Down Among the Dead Men: A Year in the Life of a Mortuary Technician

Home > Other > Down Among the Dead Men: A Year in the Life of a Mortuary Technician > Page 5
Down Among the Dead Men: A Year in the Life of a Mortuary Technician Page 5

by Michelle Williams


  ‘There,’ he said, pointing with the scalpel at the underside of the liver. I couldn’t see anything for a moment, then made out some stitching that was embedded in pus. ‘See how loose that is?’ he asked. As he spoke, he gently pulled at one of the stitches with forceps and it came away easily. ‘Bile’s leaked out into the abdomen from that and, hey presto, this is what happens.’

  I asked, ‘Does it happen often?’

  Ed shook his head. ‘No, not often, thank God.’
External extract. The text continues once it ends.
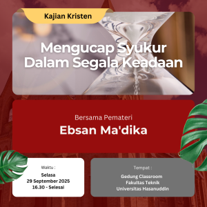Tema Kajian : “Mengucap syukur dalam segala keadaan”Pemateri : Ebsan Ma’dika30 September 2025 Sebagai orang Kristen kita selalu diajar cara untuk bersyukur yang merupakansikap hati yang mengakui segala sesuatu baik yang menyenangkan maupun…

  ‘Should it have happened?’

  He hesitated, then said neutrally, ‘That’s for the Coroner to decide.’

  TEN

  Easter was here before we knew it, and Mum wanted us all to do our normal bank holiday stuff. This consisted of a night in with a takeaway on the Saturday at their house, then up early on the Sunday, and ready to catch the bus into town at eleven thirty for a pub crawl, in our Sunday best, with bank holiday Monday to recover. This was the whole family – Mum and Dad, Michael and his girlfriend Sarah, myself and Luke. These Sundays nearly always turned into a long day, so my first task was usually to find a sitter for Harvey and Oscar; being German shepherd crosses, they can be a bit of a handful. I had happened to be having lunch with Maddie mid-week, on one of the rare occasions when we both managed to escape the pathology building at the same time. I was telling Maddie about the dogs needing a sitter, and she jumped at the chance. ‘I’m not going home, as Mum’s going away; anyway, I love your house, and it’d be nice to cosy up with the dogs. Better than being in the flat on my own all weekend.’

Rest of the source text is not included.